Temp | Median | N <= Overall Median | N > Overall Median | Q3 – Q1 | 95% Median CI |
---|---|---|---|---|---|
38 | 19 | 4 | 3 | 4.00 | (17.4667, 22.5333) |
42 | 19 | 3 | 3 | 9.50 | (15.3571, 25.6429) |
46 | 22 | 2 | 4 | 7.25 | (15.7857, 26.5714) |
50 | 18 | 4 | 2 | 4.25 | (14.4286, 20.6429) |
Overall | 19 |
Null hypothesis | H₀: The population medians are all equal |
---|---|
Alternative hypothesis | H₁: The population medians are not all equal |
DF | Chi-Square | P-Value |
---|---|---|
3 | 1.44 | 0.697 |
In these results, the median weights for the four groups are 19.0, 19.0, 22.0, and 18.0. The null hypothesis states that the population medians are all equal.
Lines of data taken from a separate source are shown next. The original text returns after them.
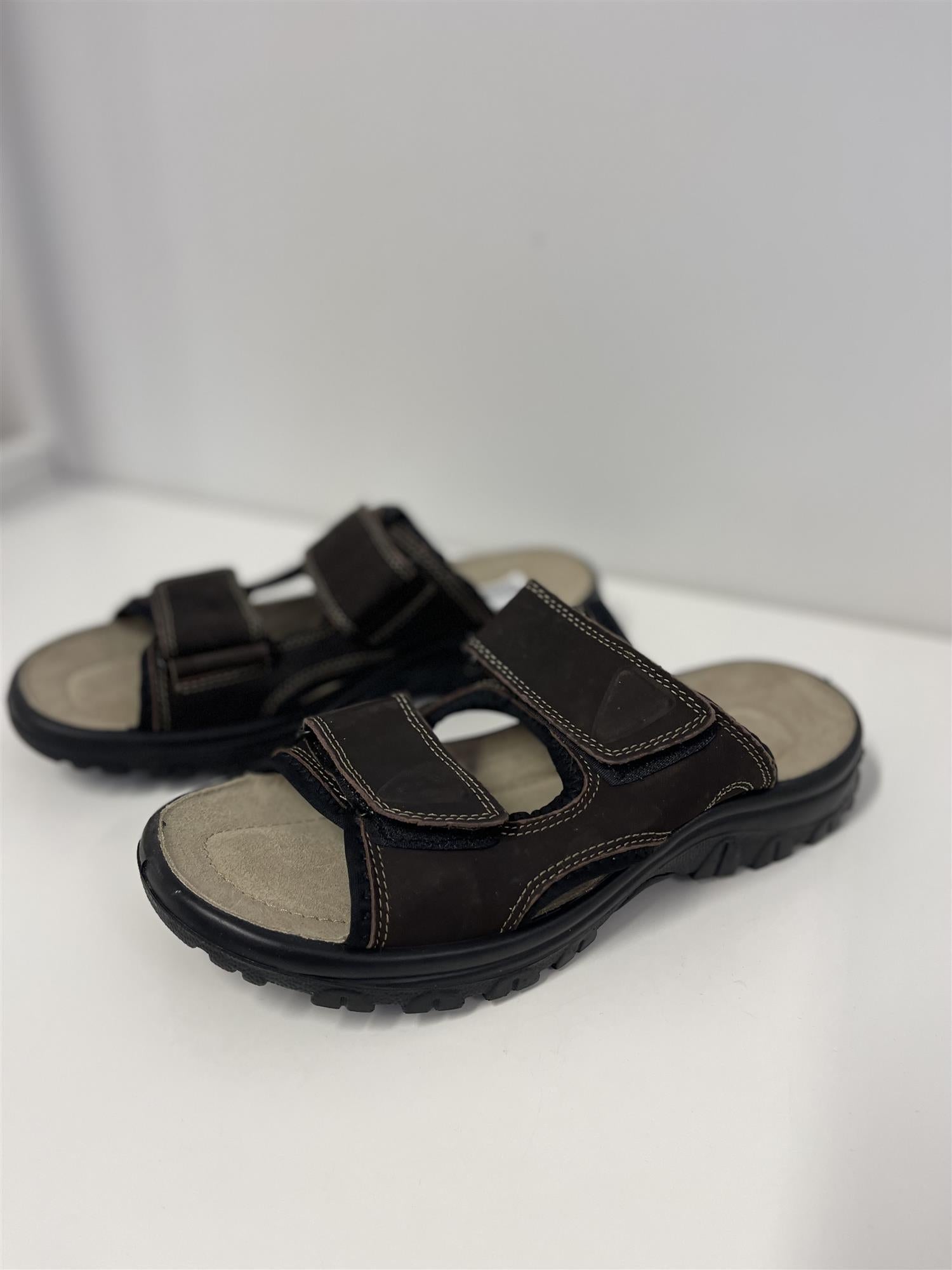 Herresandal med innerste i skinn. Sandalen har polstrede remmer med borrelås lukking.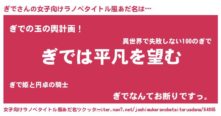 | 男性向けラノベタイトル風あだ名 | 『ダンジョンにぎでを求めるのは間違っているだろうか』 |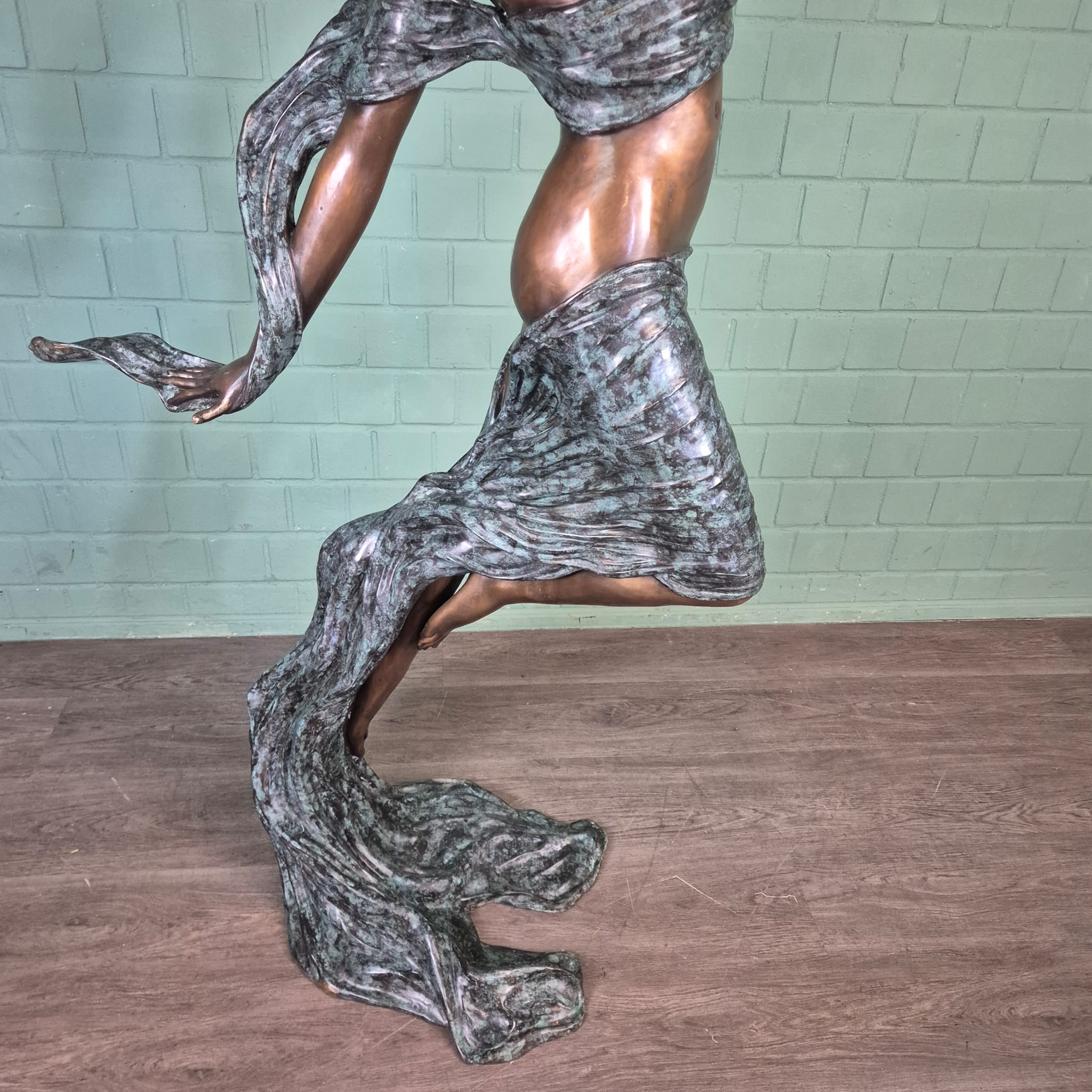 Material & Qualität: Hochwertige Bronze mit einer einzigartigen Patina, die die Textur des fließenden Stoffes und die Muskelspannung der Figur eindrucksvoll hervorhebt.

Because the p-value is greater than the significance level of 0.05, you fail to reject the null hypothesis. The differences between the median weights are not statistically significant.
Use the confidence intervals (95% Median CI) to assess the estimate of the population median for each group. The confidence intervals are ranges of values that are likely to contain the population median.
For example, with a 95% confidence level, you can be 95% confident that the confidence interval contains the group median. The confidence interval helps you assess the practical significance of your results. Use your specialized knowledge to determine whether the confidence interval includes values that have practical significance for your situation. If the interval is too wide to be useful, consider increasing your sample size.
Temp | Median | N <= Overall Median | N > Overall Median | Q3 – Q1 | 95% Median CI |
---|---|---|---|---|---|
38 | 19 | 4 | 3 | 4.00 | (17.4667, 22.5333) |
42 | 19 | 3 | 3 | 9.50 | (15.3571, 25.6429) |
46 | 22 | 2 | 4 | 7.25 | (15.7857, 26.5714) |
50 | 18 | 4 | 2 | 4.25 | (14.4286, 20.6429) |
Overall | 19 |
The intervals show that a temperature of 38 has a median of 19.0 and the confidence interval extends from approximately 17.5 to 22.5.